↓

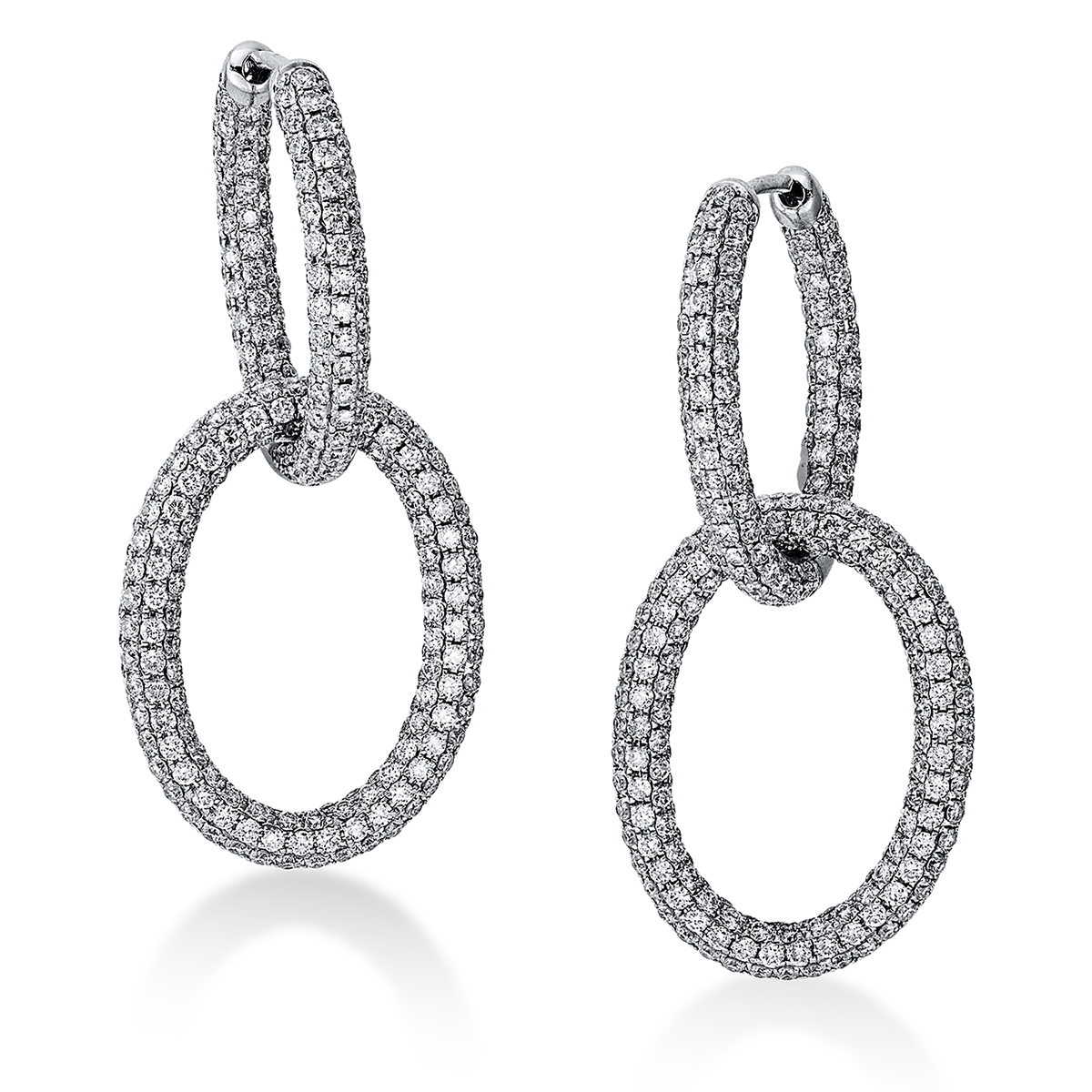 Ohrschmuck 18 kt WG, 688 Brillanten 5,71 ct, TW-vsi, H:43,9 mm, B:19,7 mm, S:3,0 mm
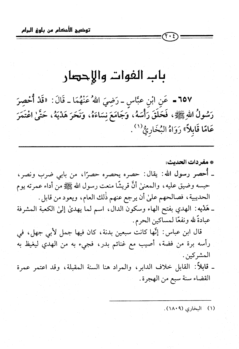 657 - عَنِ ابْنِ عبَّاسٍ -رَضِيَ اللهُ عَنْهُمَا- قَالَ: "قَدْ أُحْصِرَ رَسُولُ اللهِ -صلى الله عليه وسلم-، فَحَلَقَ رَأْسَهُ، وَجَامَعَ نِسَاءَهُ، وَنَحَرَ هَدْيَهُ، حَتَّى اعْتَمَرَ عَامًا قَابِلاً" رَوَاهُ البُخَارِيُّ (¬1).
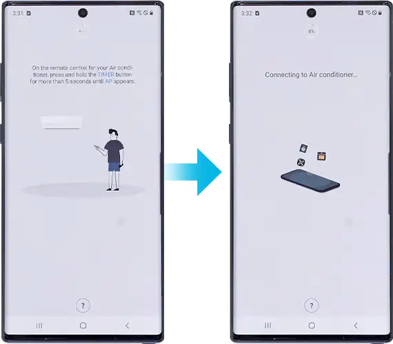 On the air conditioner remote, hold the ‘Timer’ button until the air conditioner icon appears on the app. Then, give it some time to connect.
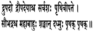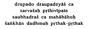 18. the unconquered, Drupada and the sons of Draupadi and the mighty armed son of Subhadra-all blew their respective conches.
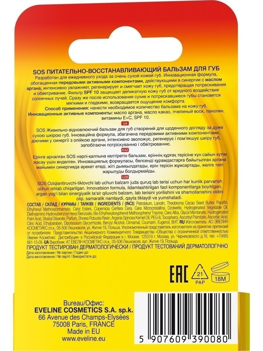 Купить EVELINE Бальзам для губ SOS вишня (питательно-восстанавливающий), 4,5 г
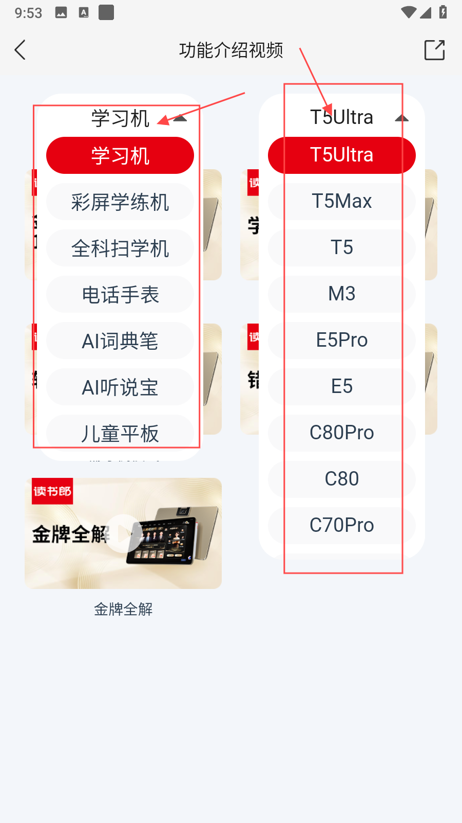 2、在功能介绍视频界面,通过点击左上角学习机下拉菜单,选择具体的产品类别,再点击右上角的产品型号下拉菜单,选择对应的型号。

↑

_REQUIRED ACTION_.
In the answer, include exactly the lines from the one containing "Купить EVELINE Бальзам" through the end of the records above and no pictures at all.

_TASK OUTPUT_.
 Купить EVELINE Бальзам для губ SOS вишня (питательно-восстанавливающий), 4,5 г
 2、在功能介绍视频界面,通过点击左上角学习机下拉菜单,选择具体的产品类别,再点击右上角的产品型号下拉菜单,选择对应的型号。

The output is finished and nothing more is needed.